Batch inference queue
Split online and offline queues so bursty ingest cannot starve user facing rerank calls. Publish a maximum depth, a wait time SLO, and a policy for shedding load such as shedding lowest priority shards first. Use back-pressure at the HTTP layer instead of unbounded in-memory buffers because embedding requests are often larger than chat tokens. Persist poison messages to a dead letter prefix with model revision tags so you can replay after conversion fixes without corrupting the index.
Remote node cost acceptance checklist
Finance should see the same artifacts operators use. Work through the list below on a rented host before you scale hours.
- Archive the exact ONNX and Core ML bundles plus checksums in object storage tied to the tenant id.
- Run a six hour soak with production batch curves while recording images per hour and error counts.
- Compare wall clock from your scheduler with billed minutes including cold start windows.
- Attach OpenTelemetry fields for batch thread count device and queue wait to each job.
- Sign off only when swap never sustains and p95 latency stays inside the table you captured locally.
- Citable gate: keep text token cap and short edge within one percent of local benchmarks when validating remote parity.
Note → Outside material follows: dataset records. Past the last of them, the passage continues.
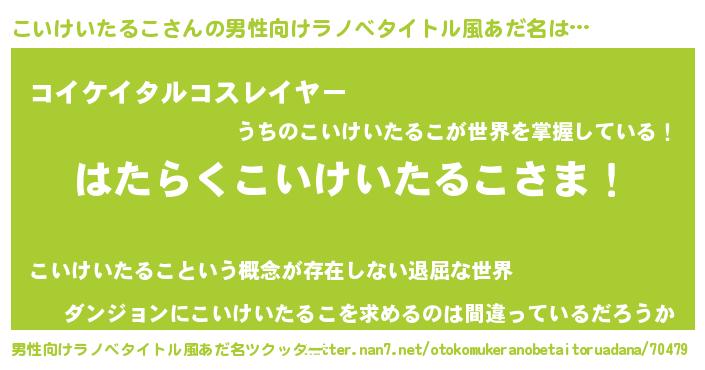 | ヘコむあだ名 | 『こいお』『こいけいたるこ(苦笑)』 |
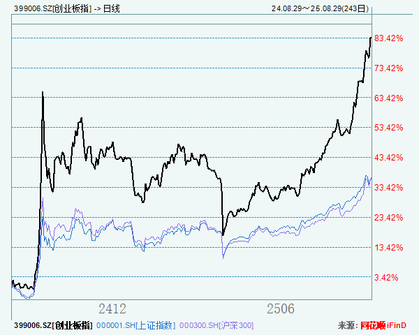 ![]() 为什么近一年创业板跑赢大盘近50%? 我们前面发文解读过,A股近期走高主要基于宏观和产业政策持续利好、流动性仍旧宽松、部分产业基本面复苏显著。而近期,创指相较于大盘跑出了明显超额收益,动力何在? ![]() 一是,近期美联储转鸽,市场认为9月降息概率大幅增加,国内利率也一直处于下行通道。前期我们多次分享,流动性宽松的大背景下,成长股更受益,而创业板指是A股最具代表性的成长风格宽基指数之一(甚至没有之一); 二是赛道景气度持续高位。创业板权重板块如新能源、生物医药、AI、半导体等,均处于产业上行周期,业绩确定性较高; 三是情绪与叙事共振。国产替代、AI自主化、反内卷等主题持续发酵,带动科技龙头领涨,创业板成为重要情绪出口。 创业板这个指数本身覆盖多个新兴产业,在行业轮动中能持续受益,不易踏空,于是成了不少投资者的选择。 【今日操作】根据策略继续定投 今天是月底,根据之前定投的策略介绍,是我们账户买入的日期。截至20250828,创业板的PB是4.9794X,近1440个交易日(6年)的分位数是47.5%,满足买入条件,本次申购金额是20000/4.9794=4016元。 ![]() 以上相关产品可以关注天弘创业板ETF联接(A:001592;C:001593),天弘中证红利低波100(A:008114;C:008115),上支付宝、天天基金、京东金融搜索“天弘基金”即可了解。 风险提示:本人持仓均为天弘基金旗下产品,仅客观展提示,投资者应根据自身风险承受能力合理配置持仓。定投非储蓄,不能规避基金固有风险,不能保证投资者获得收益。观点仅供参考,不构成投资建议,市场有风险,投资需谨慎。投资者在购买基金前应仔细阅读基金招募说明书与基金合同,请根据自身投资目的、投资期限、投资经验等因素充分考虑自身的风险承受能力,在了解产品情况及销售适当性意见的基础上,理性判断并谨慎做出投资决策。指数基金存在跟踪误差,指数业绩表现不代表具体产品业绩表现。定投非储蓄,不能规避基金固有风险,不能保证投资者获得收益。 |
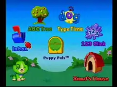 When the console is used for the first time, an adult is required to set up the user for the console. This includes the user's name, and difficulty level. Upon completion, the child is allowed to log in for the first time, in which Tad and Dot (two LeapFrog characters) will give the child a present- the puppy, Scout. Apparently the user is to babysit Scout while Tad and Dot are away. Subsequent log-ins will start with Tad and Dot coming on-screen and calling Scout into view before leaving. From here, the main menu appears and the user is given access to four built-in games, the cartridge game if its present, and Scout's dog house, in which the user can go to explore and play. Playing any of the built-in games will earn the user dog biscuits, which could be given to Scout in the dog house to have him perform tricks.
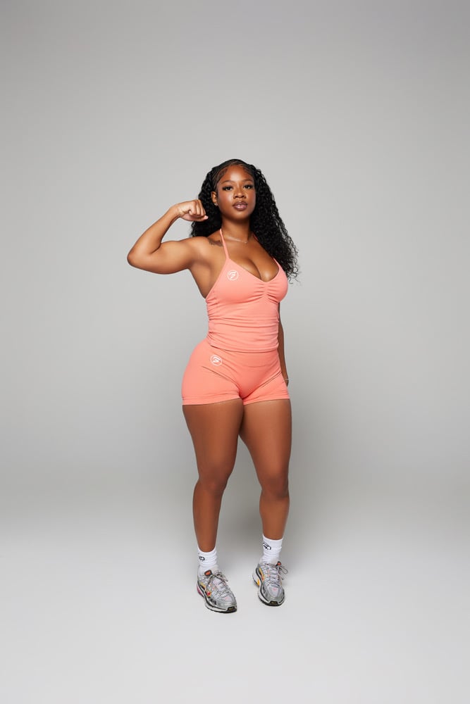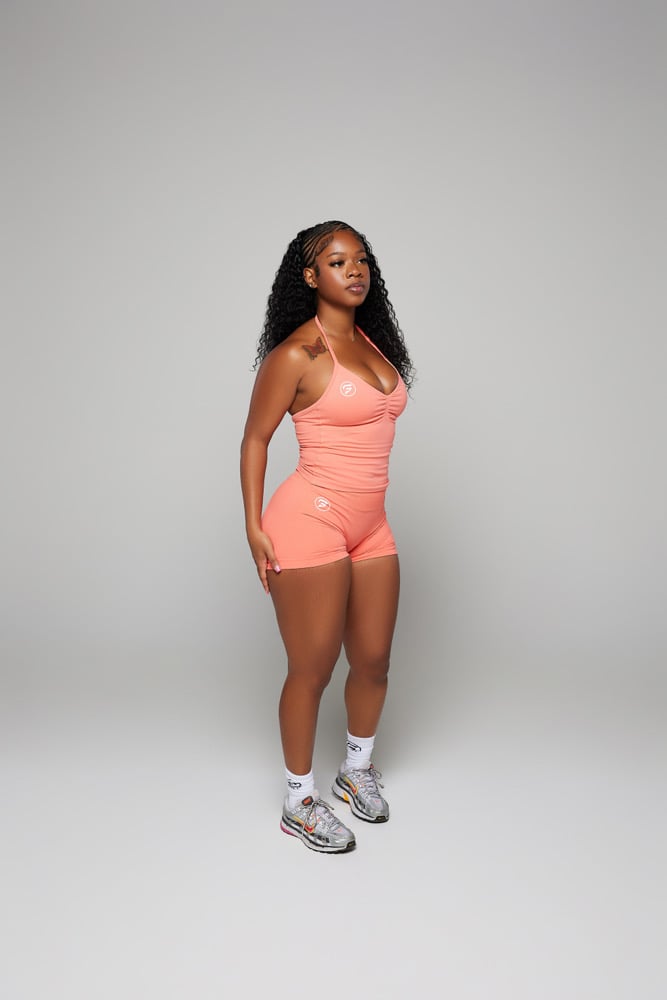 Seamless halter top and shorts set with a flattering fit, breathable fabric, and all-day comfort—perfect for workouts or casual wear.

- Citable gate: store peak RSS samples at least once per batch step in your nightly chart.
- Citable gate: require zero unexplained Core ML fallback warnings during soak or reopen conversion.
FAQ
Does lower dimension always mean cheaper? Not if quantization or ANN parameters shift recall; treat dimension as a contract with the index team.
Should I run SigLIP on CPU for parity tests? Yes briefly, but spend most cycles on the EP you ship so acceptance matches reality.
Open the homepage for product context, skim Help for SSH and console access, then compare pricing and continue to purchase without logging in.
Summary: Freeze preprocessing and dimension contracts, promote ONNX through Core ML EP with fresh batch and memory sweeps, cap threads and queues explicitly, export telemetry fields, and buy dedicated Apple Silicon hours only after remote soak minutes line up with invoices.